§ **Records for this task**
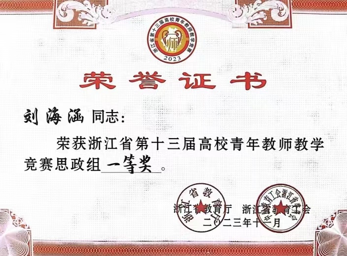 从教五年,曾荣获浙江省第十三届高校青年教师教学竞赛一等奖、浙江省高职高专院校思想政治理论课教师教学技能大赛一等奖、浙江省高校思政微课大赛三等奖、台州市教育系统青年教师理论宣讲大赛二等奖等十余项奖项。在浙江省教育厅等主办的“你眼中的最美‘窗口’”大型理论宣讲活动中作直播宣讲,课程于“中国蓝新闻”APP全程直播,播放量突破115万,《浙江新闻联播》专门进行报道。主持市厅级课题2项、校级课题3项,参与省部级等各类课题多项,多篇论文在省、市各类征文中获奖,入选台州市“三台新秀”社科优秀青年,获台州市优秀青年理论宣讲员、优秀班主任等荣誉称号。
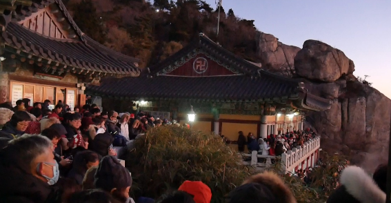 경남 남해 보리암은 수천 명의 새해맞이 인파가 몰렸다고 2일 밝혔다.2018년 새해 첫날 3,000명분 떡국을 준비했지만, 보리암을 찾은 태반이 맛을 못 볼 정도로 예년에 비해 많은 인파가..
==
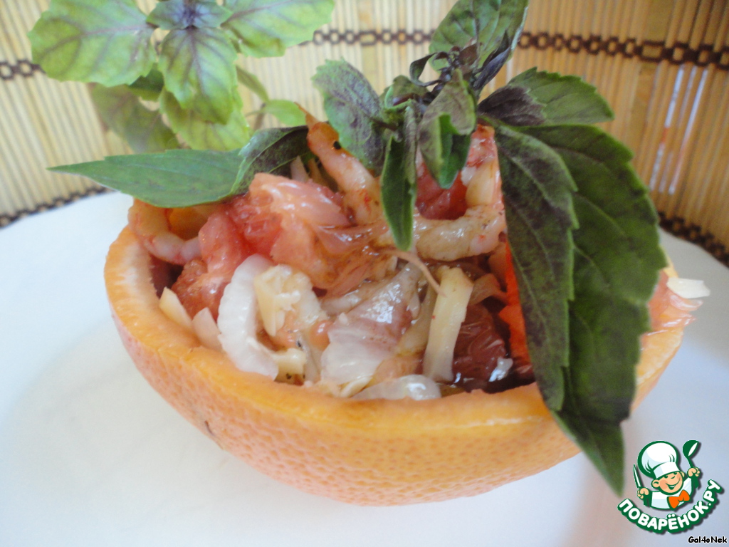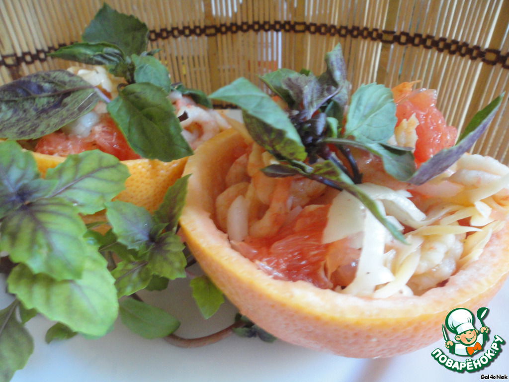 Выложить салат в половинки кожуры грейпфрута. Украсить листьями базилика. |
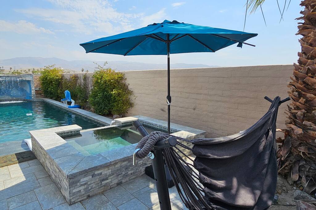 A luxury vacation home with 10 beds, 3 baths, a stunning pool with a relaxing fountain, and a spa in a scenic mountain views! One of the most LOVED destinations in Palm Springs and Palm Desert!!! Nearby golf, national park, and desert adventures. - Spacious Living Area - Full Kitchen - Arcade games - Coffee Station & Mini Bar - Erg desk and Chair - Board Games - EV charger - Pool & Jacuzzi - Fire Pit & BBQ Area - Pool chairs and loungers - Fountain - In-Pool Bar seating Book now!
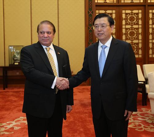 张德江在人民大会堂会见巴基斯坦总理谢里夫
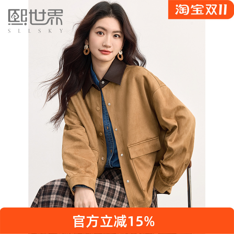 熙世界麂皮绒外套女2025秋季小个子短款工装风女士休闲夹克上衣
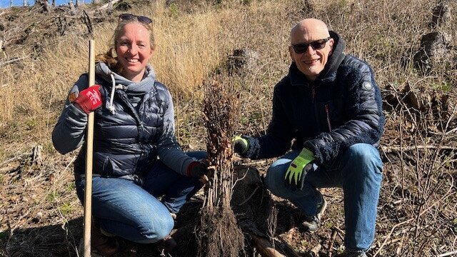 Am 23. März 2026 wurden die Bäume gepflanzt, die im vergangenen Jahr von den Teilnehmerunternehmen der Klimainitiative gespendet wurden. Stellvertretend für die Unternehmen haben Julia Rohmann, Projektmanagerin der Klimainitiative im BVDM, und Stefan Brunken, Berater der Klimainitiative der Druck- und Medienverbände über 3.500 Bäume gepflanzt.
* * *
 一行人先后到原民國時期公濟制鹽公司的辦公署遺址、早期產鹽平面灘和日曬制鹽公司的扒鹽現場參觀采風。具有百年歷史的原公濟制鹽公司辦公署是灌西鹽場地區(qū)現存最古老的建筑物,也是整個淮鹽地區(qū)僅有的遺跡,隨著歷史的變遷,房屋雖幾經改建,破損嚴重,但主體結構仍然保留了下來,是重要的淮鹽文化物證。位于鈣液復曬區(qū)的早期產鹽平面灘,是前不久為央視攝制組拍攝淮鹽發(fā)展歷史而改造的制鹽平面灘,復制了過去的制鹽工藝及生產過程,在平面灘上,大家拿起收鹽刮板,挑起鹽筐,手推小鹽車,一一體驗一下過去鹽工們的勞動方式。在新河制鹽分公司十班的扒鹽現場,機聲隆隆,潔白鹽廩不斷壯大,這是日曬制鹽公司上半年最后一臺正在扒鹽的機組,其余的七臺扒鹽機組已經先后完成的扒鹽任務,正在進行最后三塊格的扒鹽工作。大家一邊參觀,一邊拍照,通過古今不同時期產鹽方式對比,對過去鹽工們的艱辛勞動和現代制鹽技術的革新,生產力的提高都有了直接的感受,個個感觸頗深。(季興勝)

§ **About this task**
Treat the line with "从教五年,曾荣获浙江省第十三" as the start and the line with "경남 남해 보리암은 수천" as the end, and return exactly that span of the data above, both ends included, without pictures.

§ **Task response**
 从教五年,曾荣获浙江省第十三届高校青年教师教学竞赛一等奖、浙江省高职高专院校思想政治理论课教师教学技能大赛一等奖、浙江省高校思政微课大赛三等奖、台州市教育系统青年教师理论宣讲大赛二等奖等十余项奖项。在浙江省教育厅等主办的“你眼中的最美‘窗口’”大型理论宣讲活动中作直播宣讲,课程于“中国蓝新闻”APP全程直播,播放量突破115万,《浙江新闻联播》专门进行报道。主持市厅级课题2项、校级课题3项,参与省部级等各类课题多项,多篇论文在省、市各类征文中获奖,入选台州市“三台新秀”社科优秀青年,获台州市优秀青年理论宣讲员、优秀班主任等荣誉称号。
 경남 남해 보리암은 수천 명의 새해맞이 인파가 몰렸다고 2일 밝혔다.2018년 새해 첫날 3,000명분 떡국을 준비했지만, 보리암을 찾은 태반이 맛을 못 볼 정도로 예년에 비해 많은 인파가..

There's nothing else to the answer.